Wednesday, June 13, 2012

Undermining the rule of law

The United States Constitution makes very little mention of citizens. It mandates that our elected representatives be citizens and that the President and Vice President are citizens, but beyond stating that all "other persons" counted as 3/5 of a citizen.

The blueprint of our representative democracy states, in Article I, Section 9, that:
The Privilege of the Writ of Habeas Corpus shall not be suspended, unless when in Cases of Rebellion or Invasion the public Safety may require it.
One of the biggest fears of the Founding Fathers was the suspension of the Great Writ. There is no mention anywhere in the Constitution that only citizens of the United States are entitled to use a writ of habeas corpus to get into court. Anyone held in any county jail or state prison can file the writ to get his day in court (unless of course the government has decided they want to kill you and restrict your time to file the writ to one year).

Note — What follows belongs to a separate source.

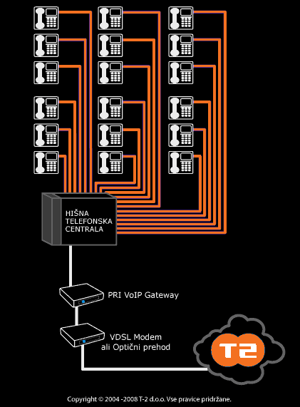 Na sliki: shema priključitve hišne centrale v telefonski sistem T-2 preko PRI vmesnika. PRI vmesnik omogoča do 120 sočasnih govornih kanalov.

The only time the Great Writ was suspended was during the Civil War when President Lincoln suspended it due to the rebellion.

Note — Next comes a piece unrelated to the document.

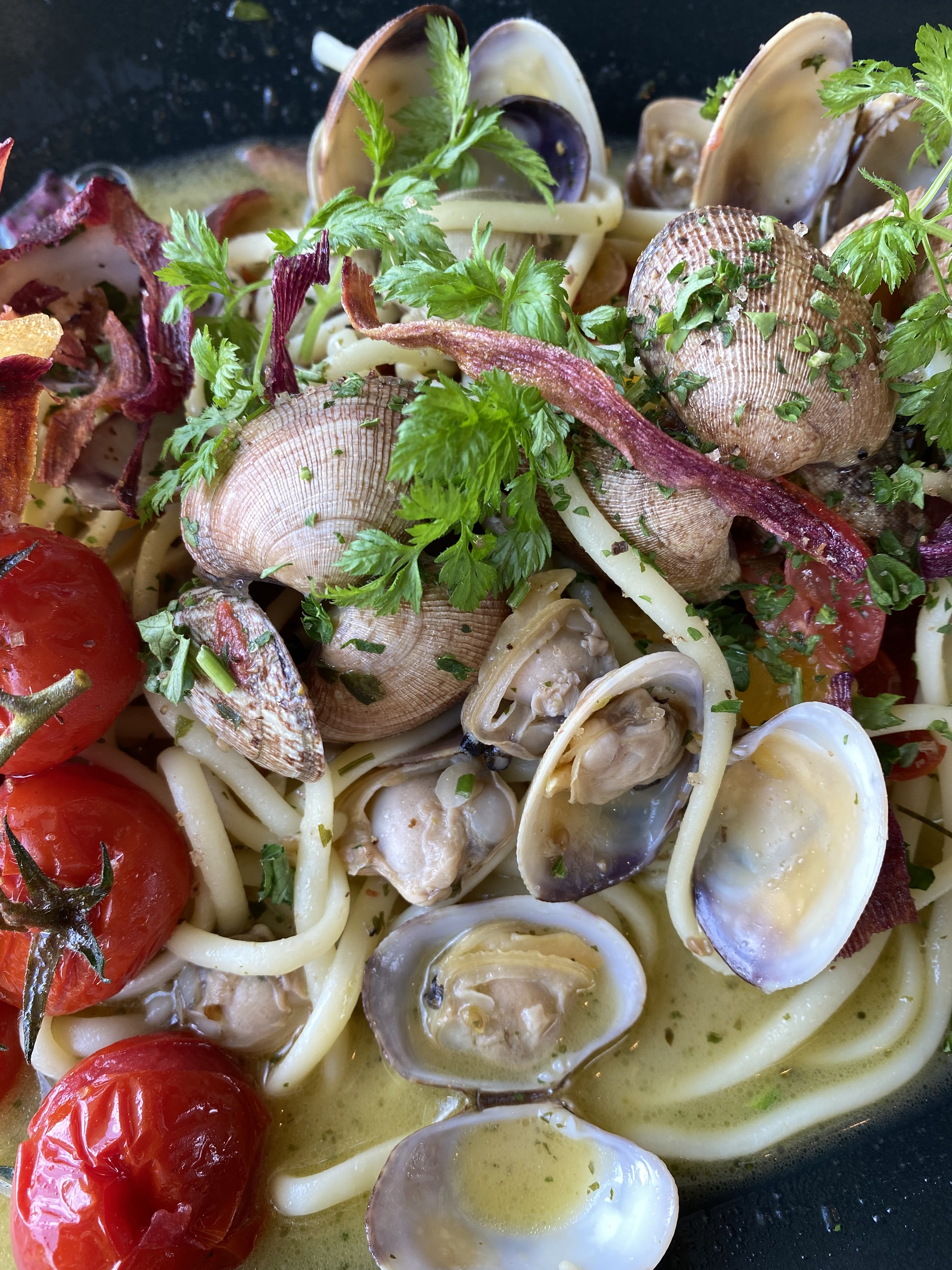 Nius avons passé un très bon moment sur la terrasse du restaurant, face au soleil et protégé du vent par une vitre. Les huîtres étaient excellentes. Les pâtes aux fruits de mer (alle vongole) étaient bien garnies. Par contre, tres déçu des spaghettis qui étaient visiblement tout juste sorties d'un paquet Panzani alors que je m'att6 à des pâtes fraîches. Ce n'était peut être pas le cas mais c'est ce que j'ai ressenti... Nous reviendrons une prochaine fois pour voir si c'était seulement une petite anomalie.

But on Monday the US Supreme Court effectively suspended the writ for anyone held as a so-called enemy combatant in our government's War on the Constitution Terrorism. As Scott Greenfield reminds us, back in 2008, the men (and woman) in black ruled that the detainees in Guantanamo were entitled to the use of the writ to get their day in court.

Those who had been held without being charged lined up and filed. Trial courts granted the writs and ruled, in many cases, that the detainees were being held illegally. One of those detainees was an American citizen, Jose Padilla, who was held in a US Navy brig in Charleston, South Carolina.

While trial courts were issuing rulings upholding the rule of law, the DC Court of Appeals was doing its best to slice and dice the Constitution. Every case that the government appealed was reversed by the appellate court and the standards that a detainee would have to meet to gain his release were raised to a level no one could achieve.

And when the Supremes had their chance to let the appellate court know that it meant what it said, they punted. One could argue that no one's right to file the Great Writ has been suspended - only that the bar for relief has been raised higher for those whom the government says are the bad guys. But, when the raising of the bar effectively denies each and every detainee of their right to review, the right to file the Great Writ has been suspended.

And the Supreme Court is more than happy to sit back and allow the most conservative appellate court in the nation to thumb its nose at it. The Supremes could have but some teeth into their earlier decision, but why bother? It's not like anyone's marching in the streets demanding that the detainees get their right to review. It's not like anyone's going out on a limb arguing that our national principles demand that these men be released from illegal detention.

No one's going to take up the flag of their cause. And that's exactly what the rule of law is supposed to protect - the rights of the unpopular.